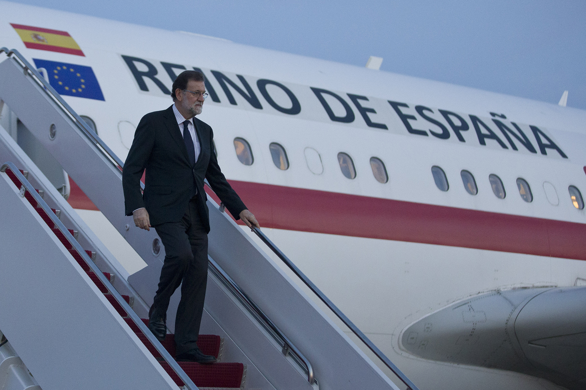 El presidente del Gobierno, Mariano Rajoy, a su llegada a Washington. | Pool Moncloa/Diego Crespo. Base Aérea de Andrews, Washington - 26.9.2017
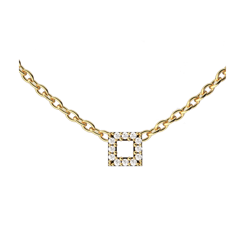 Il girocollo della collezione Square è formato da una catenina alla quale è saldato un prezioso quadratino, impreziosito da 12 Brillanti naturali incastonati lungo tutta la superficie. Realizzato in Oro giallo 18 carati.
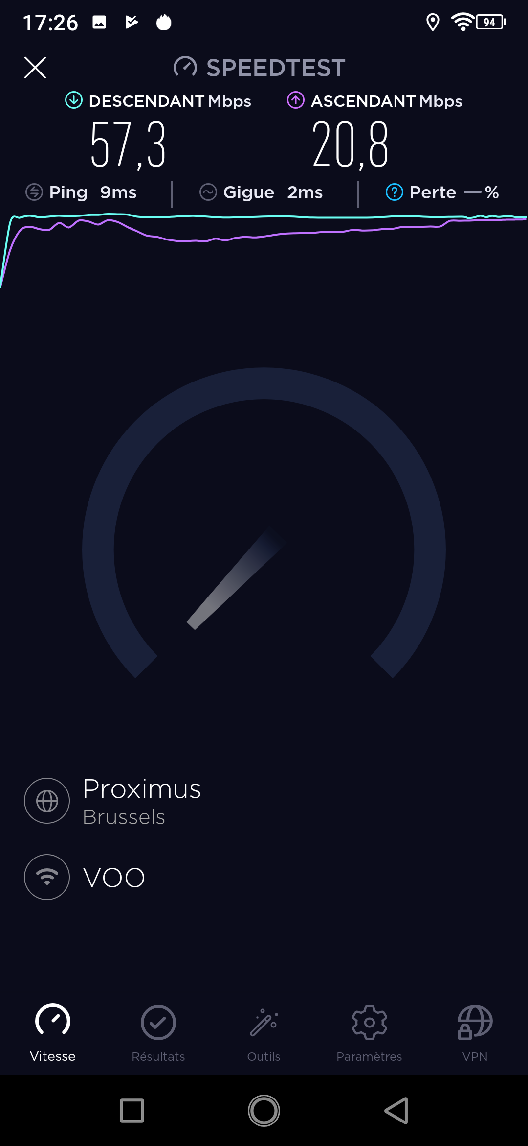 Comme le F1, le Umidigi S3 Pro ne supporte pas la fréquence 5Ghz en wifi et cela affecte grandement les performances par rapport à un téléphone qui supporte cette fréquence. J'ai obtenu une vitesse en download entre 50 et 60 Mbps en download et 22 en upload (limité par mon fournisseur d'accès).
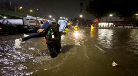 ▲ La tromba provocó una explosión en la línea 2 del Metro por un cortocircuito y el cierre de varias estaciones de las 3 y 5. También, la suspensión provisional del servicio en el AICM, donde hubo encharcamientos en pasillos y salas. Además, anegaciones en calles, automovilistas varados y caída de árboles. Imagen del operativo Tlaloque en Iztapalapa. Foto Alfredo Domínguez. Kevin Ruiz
######
### Task description
When you copy the lines above, drop the pictures and keep everything else exact.

### Solved problem
 El presidente del Gobierno, Mariano Rajoy, a su llegada a Washington. | Pool Moncloa/Diego Crespo. Base Aérea de Andrews, Washington - 26.9.2017
 Il girocollo della collezione Square è formato da una catenina alla quale è saldato un prezioso quadratino, impreziosito da 12 Brillanti naturali incastonati lungo tutta la superficie. Realizzato in Oro giallo 18 carati.
 Comme le F1, le Umidigi S3 Pro ne supporte pas la fréquence 5Ghz en wifi et cela affecte grandement les performances par rapport à un téléphone qui supporte cette fréquence. J'ai obtenu une vitesse en download entre 50 et 60 Mbps en download et 22 en upload (limité par mon fournisseur d'accès).
 ▲ La tromba provocó una explosión en la línea 2 del Metro por un cortocircuito y el cierre de varias estaciones de las 3 y 5. También, la suspensión provisional del servicio en el AICM, donde hubo encharcamientos en pasillos y salas. Además, anegaciones en calles, automovilistas varados y caída de árboles. Imagen del operativo Tlaloque en Iztapalapa. Foto Alfredo Domínguez. Kevin Ruiz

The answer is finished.